A typical horizontal T1-weighted image (A1), proton density image (A2), and calculated T2 map (A3) are presented for the same animal immediately after the injection of Mn-labeled MNCs. The images on the right are magnifications of the area inside the white rectangles. Mn-labeled MNCs (white arrows) were injected into the left leg (right side of the images) and saline (white arrow heads) was injected into the right leg (left side of the images). (B) Short-term observation of T1-weighted signal enhancement in ischemic rat legs is presented. The upper figures show horizontal T1-weighted MRI after Mn-labeled MNC injection from 0 to 2 days after the transplantation. The lower figures show T1-weighted MRI after saline injection in the same animal (contralateral leg). The area enclosed by the white dotted lines is an example of a typical region of interest (ROI). At both 1 and 2 days after injection, Mn-labeled MNCs were visualized as a “double-layered structure” that has a positive outline and dark core (B, white arrows). The signal reduction after saline injection soon disappeared (B, white arrow head). (C) Volume change after the MNC injection.

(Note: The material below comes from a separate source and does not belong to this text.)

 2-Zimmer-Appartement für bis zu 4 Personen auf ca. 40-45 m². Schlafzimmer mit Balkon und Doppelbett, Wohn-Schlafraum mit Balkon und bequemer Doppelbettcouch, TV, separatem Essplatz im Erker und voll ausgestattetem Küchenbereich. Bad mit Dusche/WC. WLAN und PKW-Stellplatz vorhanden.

The filled triangles indicate volume change at the Mn-labeled MNC injected site and the filled squares correspond to the saline injected site. * Significant difference vs. volume of saline injected control, level of significance P<0.05 for two-way ANOVA with Bonferroni post-hoc test (n = 3).

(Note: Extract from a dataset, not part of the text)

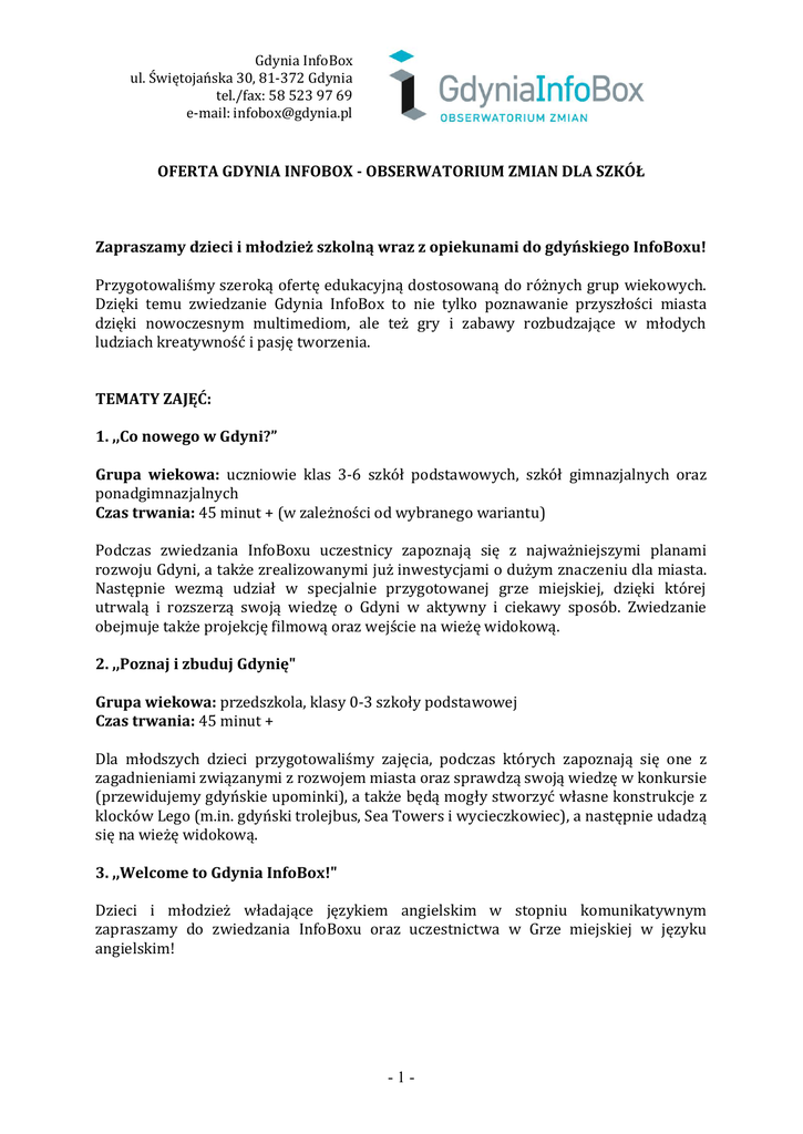 Gdynia InfoBox ul. Świętojańska 30, 81-372 Gdynia tel./fax: 58 523 97 69 e-mail: [email protected] OFERTA GDYNIA INFOBOX - OBSERWATORIUM ZMIAN DLA SZKÓŁ Zapraszamy dzieci i młodzież szkolną wraz z opiekunami do gdyńskiego InfoBoxu! Przygotowaliśmy szeroką ofertę edukacyjną dostosowaną do różnych grup wiekowych. Dzięki temu zwiedzanie Gdynia InfoBox to nie tylko poznawanie przyszłości miasta dzięki nowoczesnym multimediom, ale też gry i zabawy rozbudzające w młodych ludziach kreatywność i pasję tworzenia. TEMATY ZAJĘĆ: 1. ,,Co nowego w Gdyni?” Grupa wiekowa: uczniowie klas 3-6 szkół podstawowych, szkół gimnazjalnych oraz ponadgimnazjalnych Czas trwania: 45 minut + (w zależności od wybranego wariantu) Podczas zwiedzania InfoBoxu uczestnicy zapoznają się z najważniejszymi planami rozwoju Gdyni, a także zrealizowanymi już inwestycjami o dużym znaczeniu dla miasta. Następnie wezmą udział w specjalnie przygotowanej grze miejskiej, dzięki której utrwalą i rozszerzą swoją wiedzę o Gdyni w aktywny i ciekawy sposób. Zwiedzanie obejmuje także projekcję filmową oraz wejście na wieżę widokową. 2. ,,Poznaj i zbuduj Gdynię" Grupa wiekowa: przedszkola, klasy 0-3 szkoły podstawowej Czas trwania: 45 minut + Dla młodszych dzieci przygotowaliśmy zajęcia, podczas których zapoznają się one z zagadnieniami związanymi z rozwojem miasta oraz sprawdzą swoją wiedzę w konkursie (przewidujemy gdyńskie upominki), a także będą mogły stworzyć własne konstrukcje z klocków Lego (m.in. gdyński trolejbus, Sea Towers i wycieczkowiec), a następnie udadzą się na wieżę widokową. 3. ,,Welcome to Gdynia InfoBox!" Dzieci i młodzież władające językiem angielskim w stopniu komunikatywnym zapraszamy do zwiedzania InfoBoxu oraz uczestnictwa w Grze miejskiej w języku angielskim! -1- Gdynia InfoBox ul. Świętojańska 30, 81-372 Gdynia tel./fax: 58 523 97 69 e-mail: [email protected] 4. ,,Tak to się robi w Gdyni" Grupa wiekowa: uczniowie szkół gimnazjalnych i ponadgimnazjalnych Czas trwania: 60 minut Zajęcia prowadzą specjaliści z Biura Planowania Przestrzennego Miasta Gdyni, którzy opowiadają jak projektuje się miasto. Proponują oni uczestnikom udział w grze, w której będą musieli radzić sobie z problemami z jakimi na co dzień borykają się urbaniści. 5. ,,Miasto jak malowane" Grupa wiekowa: uczniowie szkół gimnazjalnych i ponadgimnazjalnych Czas trwania: 60 minut Zajęcia prowadzi Plastyk Miejski, który opowiada uczestnikom o estetyce w przestrzeni publicznej. Uczestnicy obejrzą też prezentację multimedialną na temat sztuki w mieście i spróbują zaprojektować własny mural lub szyld sklepowy. 6. ,,Rowerem do szkoły" Grupa wiekowa: uczniowie klas 5-6 szkół podstawowych oraz szkół gimnazjalnych Czas trwania: 60 minut Warsztaty będą składały się z części teoretycznej i praktycznej. W ramach części teoretycznej uczniowie zapoznają się z podstawowymi zasadami bezpiecznego poruszania się na rowerze i wybierania odpowiednio bezpiecznych dróg do szkoły. Przeanalizują również, jakie cechy powinny ich zdaniem posiadać te drogi, aby podróż rowerem do szkoły była przyjemna i bezpieczna. Materiał będzie zawierał formy multimedialne - krótkie filmy z przejazdów rowerem po Gdyni. W ramach części praktycznej uczestnicy na przykładzie własnych dróg do szkoły wskażą miejsca, które wymagają poprawy oraz zaznaczą na mapie drogę, którą pojechaliby rowerem. 7. „Piechotą po mieście” Grupa wiekowa : uczniowie szkół podstawowych Czas trwania: 60 minut Warsztaty będą składały się z części teoretycznej i praktycznej. W ramach części teoretycznej uczniowie zapoznają się z dobrymi przykładami kształtowania przyjaznych mieszkańcom przestrzeni publicznych, przeanalizują jakie cechy powinna ich zdaniem posiadać przyjazna im przestrzeń miejska. W ramach części praktycznej uczestnicy zaprojektują przestrzeń pieszą przyjazną mieszkańcom na podstawie jednej z gdyńskich ulic (do wyboru ul. Świętojańska, ul. Starowiejska, Skwer Kościuszki). -2- Gdynia InfoBox ul. Świętojańska 30, 81-372 Gdynia tel./fax: 58 523 97 69 e-mail: [email protected] 8. „Eco-friendly way to school” Grupa wiekowa: uczniowie szkół gimnazjalnych oraz ponadgimnazjalnych Czas trwania: 60 minut Warsztaty, prowadzone w języku angielskim, będą składały się z części teoretycznej i praktycznej. W ramach części teoretycznej uczniowie zapoznają się z dobrymi przykładami kształtowania przyjaznych mieszkańcom przestrzeni publicznych. Przeanalizują korzyści poruszania się poszczególnymi środkami transportu w mieście. W ramach części praktycznej uczestnicy zaprojektują przestrzeń pieszą przyjazną mieszkańcom na podstawie jednej z gdyńskich ulic (do wyboru ul. Świętojańska, ul. Starowiejska, Skwer Kościuszki). INFORMACJE DODATKOWE Zajęcia są dostosowane do różnych grup wiekowych; Nie łączymy klas; Zajęcia są bezpłatne; Zajęcia można łączyć; Obowiązują zapisy telefoniczne z co najmniej kilkudniowym wyprzedzeniem; Terminy zwiedzania oraz zajęć edukacyjnych (po uprzednim uzgodnieniu): poniedziałek-piątek 11:00-18:00, soboty 12:30-17:00; o Szczegółowych informacji udzielamy telefonicznie; o Osoba do kontaktu: Marta Juraniec, tel. 58 523 97 69; o Adres: Gdynia InfoBox, ul. Świętojańska 30. o o o o o o ZAPRASZAMY SERDECZNIE ! -3-
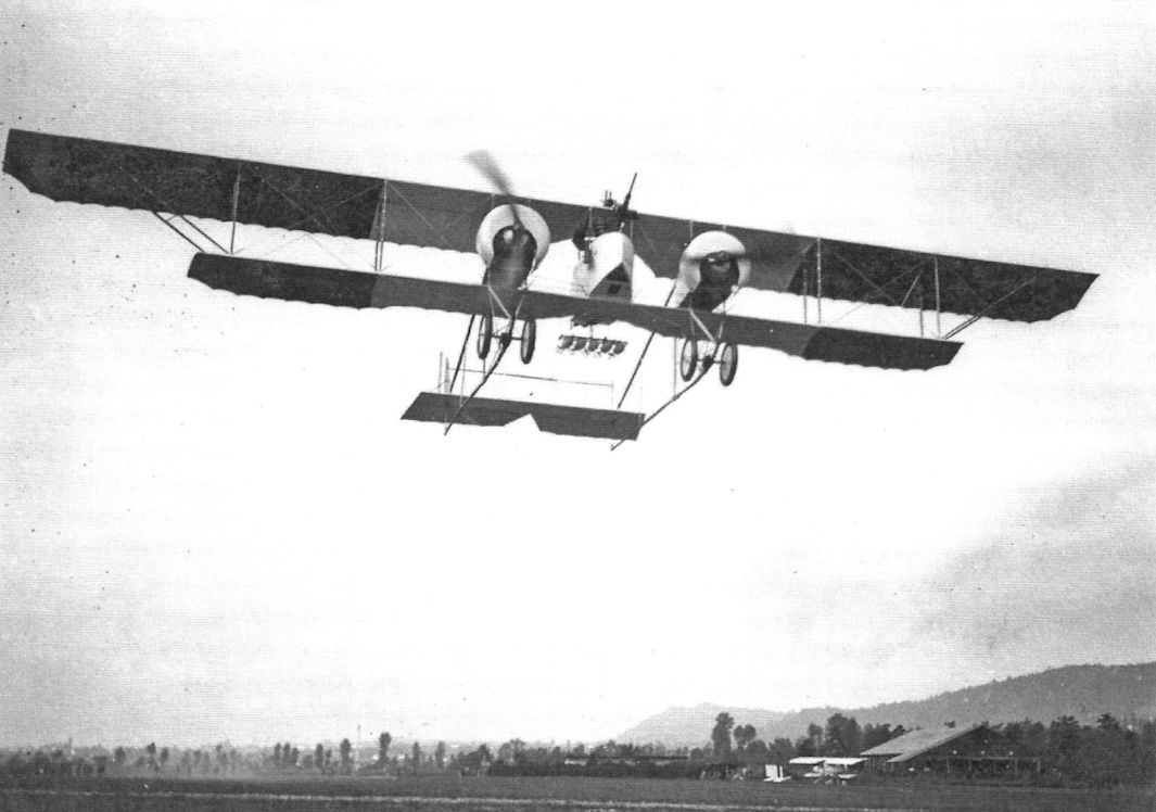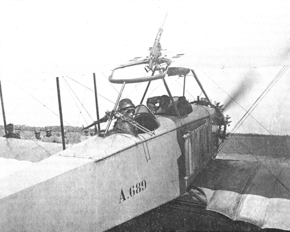 A Voisin with Isotta Fraschini engine of 25a Squadriglia with a full load of bombs and a Fiat and Villar Perosa guns. (Archive Caliaro)

https://doi.org/10.1371/journal.pone.0025487.g002

Long-term in vivo tracking of Mn-labeled MNCs in the ischemic hindlimb

Figure 3 demonstrates the long-term dynamics of transplanted MNCs using MRI for both intact and dead Mn-labeled cells, SPECT for intact 111In-labeled cells, and fluorescence microscopy for DiI-labeled cells from 0 to 28 days after the intramuscular administration. The viability of the MnCl2-labeled intact MNCs before transplantation was more than 95.4±2.4% in all experiments (trypan-blue staining). The intact Mn-labeled MNCs were observable for at least 7 and up to 21 days in the injected muscle. This result agreed with the changes to the radioactive signal measured by SPECT using 111In-labeled MNCs. The enhanced volume (normalized by the volume at day 0) of intact Mn-labeled MNCs was significantly larger than the enhanced volume of dead Mn-labeled MNCs for the first 1–2 days, and then both gradually shrank (Fig. 4, bar graph), although the enhanced volume of the dead Mn-labeled MNCs tended to shrink earlier than the intact MNCs. The ratio of intact-to-dead MNC enhanced volume gradually increased until 21 days after the transplantation (Fig. 4, line graph). Fluorescent DiI-labeled MNCs were observable for 0–2 days after the injection (Fig. 3). Although careful experiments were performed at 14 or 21 days, the fluorescence from DiI was not detected at those times. A very small volume of DiI-labeled MNCs was observed at 28 days after the injection.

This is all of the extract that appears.